CLE-SH: Comprehensive Literal Explanation package for SHapley values by statistical validity
Kyungjin Kim, Youngro Lee, Jongmo Seo
TL;DR
CLE-SH tackles the lack of statistical validation in SHAP analyses for biomedical tabular data by delivering an automated, statistically driven pipeline that unifies feature selection, feature typing, univariate analysis, and interaction analysis with printable reports. The method combines traditional significance testing with regression-based function fitting (linear, quadratic, sigmoid) and interaction-aware statistics to produce interpretable, sentence-based summaries, enhancing rigor and accessibility in early-stage analyses. Key contributions include a lightweight, end-to-end library, explicit hyperparameters for significance control, and ready-to-report outputs that facilitate collaboration between clinicians and data scientists. The work demonstrates practical impact by enabling more reliable SHAP interpretations, potentially improving biomarker discovery and result validation in biomedical research.
Abstract
Recently, SHapley Additive exPlanations (SHAP) has been widely utilized in various research domains. This is particularly evident in application fields, where SHAP analysis serves as a crucial tool for identifying biomarkers and assisting in result validation. However, despite its frequent usage, SHAP is often not applied in a manner that maximizes its potential contributions. A review of recent papers employing SHAP reveals that many studies subjectively select a limited number of features as 'important' and analyze SHAP values by approximately observing plots without assessing statistical significance. Such superficial application may hinder meaningful contributions to the applied fields. To address this, we propose a library package designed to simplify the interpretation of SHAP values.

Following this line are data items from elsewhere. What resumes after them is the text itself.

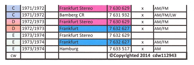 1973 (MY 1973). Blaupunkt Koln AM/FM/LW/SW. Blaupunkt Bamberg AM/FM/LW. Blaupunkt Lubek CR AM/FM Mono Cassette. Blaupunkt Ludwigshafen AM/FM. Blaupunkt Frankfurt AM/FM/LW/SW. |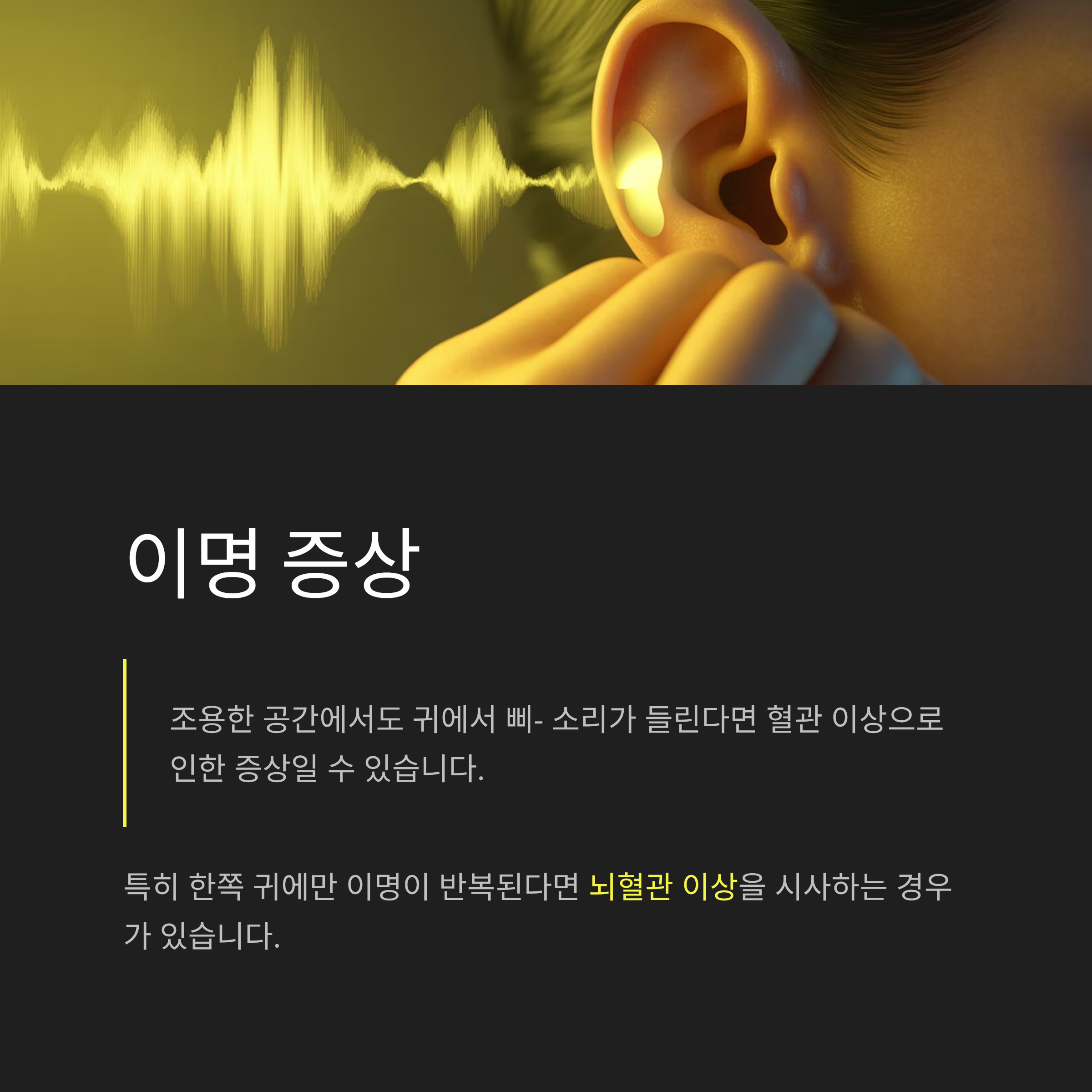 특히 한쪽 귀에만 이명이 반복된다면 뇌혈관 이상을 시사하는 경우가 있어요.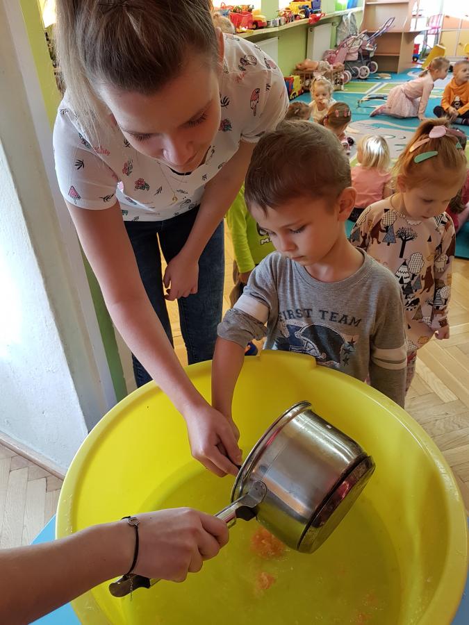 30.11.2018r. w naszym przedszkolu odbyła się Zabawa Andrzejkowa. Ten magiczny dzień był okazją do zapoznania się z tą ciekawą tradycją ludową. Zorganizowaliśmy różnego rodzaju zabawy, rywalizację taneczną oraz nie zabrakło także andrzejkowych wróżb. Każde dziecko dowiedziało się kim zostanie w przyszłości, chłopcy dowiedzieli się która z dziewczynek będzie jego prawdziwą koleżanką, ą dziewczynki poznały imię swego prawdziwego kolegi. Nie mogło zabraknąć również przelewania wosku. Wszyscy uczestnicy byli uśmiechnięci i zadowoleni. Po andrzejkowych zabawach i tańcach przyszedł czas na małe słodkości dla wszystkich dzieci.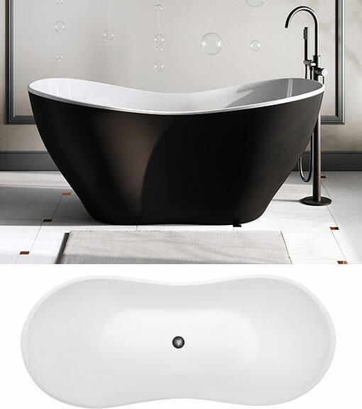 Gyártó: Mexen Sorozat: Luna Típus: szabadon álló fürdőkád Hossz: 1600 mm Szélesség: 750 mm Magasság: 580 mm Anyaga: egészségügyi akril Szín: fehér-fekete Felületkezelés: Grafit matt / sima felület Túlfolyó lyuk: Igen Akkumulátor lyuk: nem A készlet tartalmaz egy szifont és egy ClickClack típusú leeresztő dugót Fokozott ellenállás a színekkel és az UV sugárzással s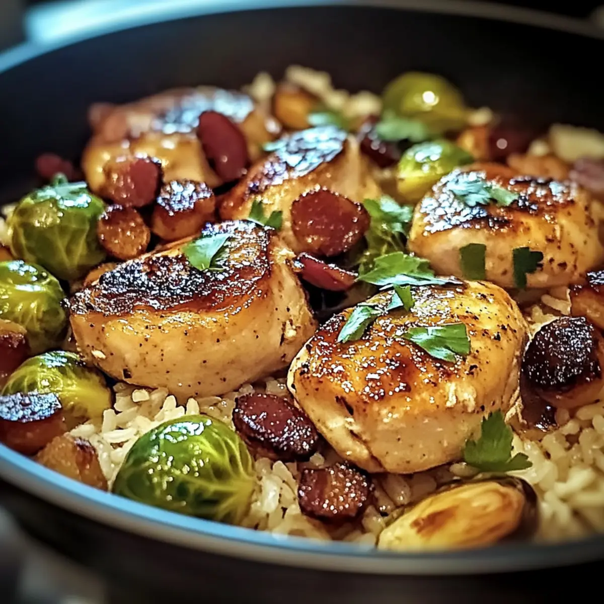 Hähnchen mit Reis, Rosenkohl und Speck in 40 Minuten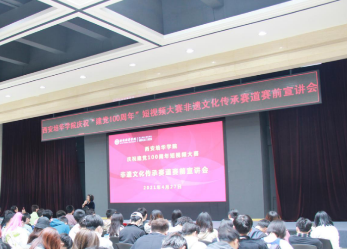 为庆祝中国共产党成立100周年,回顾党的光辉历程,讴歌党的丰功伟绩,展现我省聚力产业振兴、备战“十四运”的突出成果,推动全校上下开展弘扬传统文化、爱国主义教育,中共西安培华学院委员会主办,中共西安培华学院委员会宣传部、传媒学院承办正在举行“庆祝建党100周年短视频征集大赛”。本次赛事共分为四个赛道,为更好推动赛事,4月27日、28日赛事非遗文化传承赛道和创新创业赛道分别进行了主题宣讲。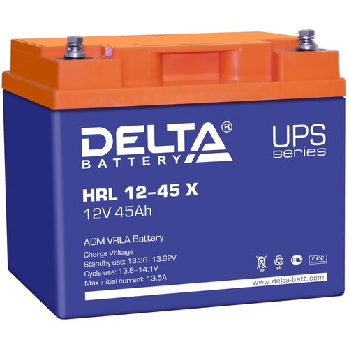 Delta HRL 12-45 X – это обновленный в 2018 году выпускавшийся с 2003 года аккумулятор Delta HRL 12-45 из серии аккумуляторов Delta HRL (UPS Series). Аккумулятор сменил цвет с оранжевого на синий и в маркировке получил дополнительный индекс «X». Герметизированный VRLA cвинцово-кислотный аккумулятор Delta HRL 12-45 X напряжением 12В и емкостью 45Ач изготовлен по технологии AGM (с микропористым заполнителем, пропитанным электролитом). Корпус изготовлен из негорючего ABS пластика. Срок службы аккумулятора достигает 12 лет. Аккумулятор относится к линейке DELTA UPS series и предназначен для работы в системах бесперебойного питания (ИБП), системах связи, ЦОД. Обладает низким внутренним сопротивлением и высокой плотностью энергии.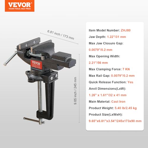 Introducing the Bench Vise, a versatile tool that is a must-have for woodworking enthusiasts and DIYers alike. This 2.2-inch dual-purpose table vise is designed to be clamped onto your workbench, providing a secure grip for a wide range of projects. The vise features a multifunctional jaw that can accommodate various shapes and sizes of materials, making it ideal for a variety of tasks.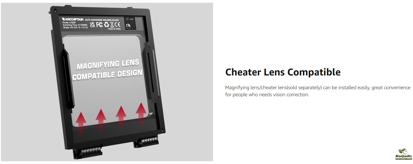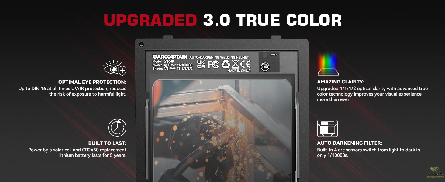 【BUILT TO LAST】The welding hood auto darkening was made of PP strong material, it features shock resistance and flame Resistant. It meets ANSI Z87.1/ EN379 CE/ CSA Z94.3 compliant. Power by the solar cell and CR2450 replacement lithium battery supports long-lasting working time and is eco-friendly.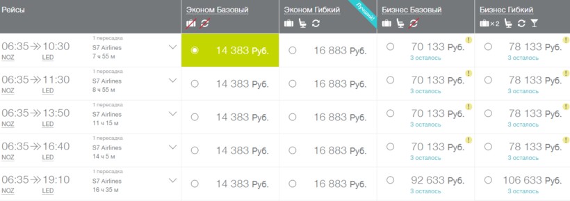 Я всегда летаю с S7. Есть удобный рейс, который отправляется из Новокузнецка рано утром. Стыковка в Москве будет минимальная, полтора часа. Даже при незаблаговременной покупке билеты будут стоить дешевле аэрофлотовских, есть гибкая система тарифов, можно расплачиваться милями. Но я беру билеты примерно за полгода, тогда можно улететь за 14000 рублей. Кроме того, если выбирать стыковочные рейсы с S7, не придется менять терминал (самолеты «Аэрофлота» приземляются в Шереметьево в терминал D, а самолеты в Питер вылетают из терминала B). Плюс время пересадки у S7 составляет всего 1,5 часа против 2,5 у «Аэрофлота».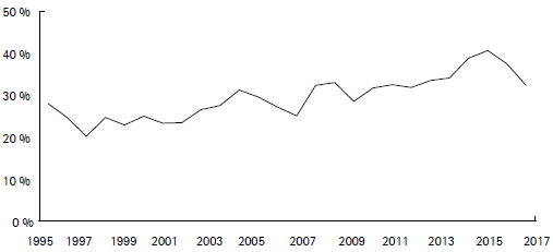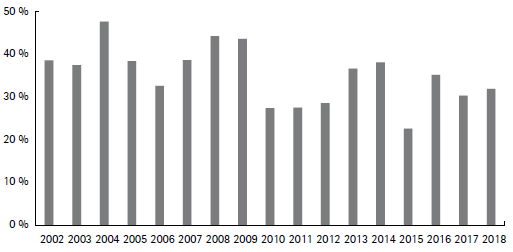 Para evaluar la representatividad de este portafolio seleccionado según los criterios indicados en el apartado II.B, se presenta en la figura 3 una serie que muestra su peso en el total de las exportaciones argentinas. Para el período 1993-2003 se tiene un promedio de 25 % en el total exportado, mientras que el promedio 2004-2018 es del 33 %, alcanzando registros más altos en los últimos años analizados.

By simply inputting the original data and SHAP values, our library provides: 1) the number of important features to analyze, 2) the pattern of each feature via univariate analysis, and 3) the interaction between features. All information is extracted based on its statistical significance and presented in simple, comprehensible sentences, enabling users of all levels to understand the interpretations. We hope this library fosters a comprehensive understanding of statistically valid SHAP results.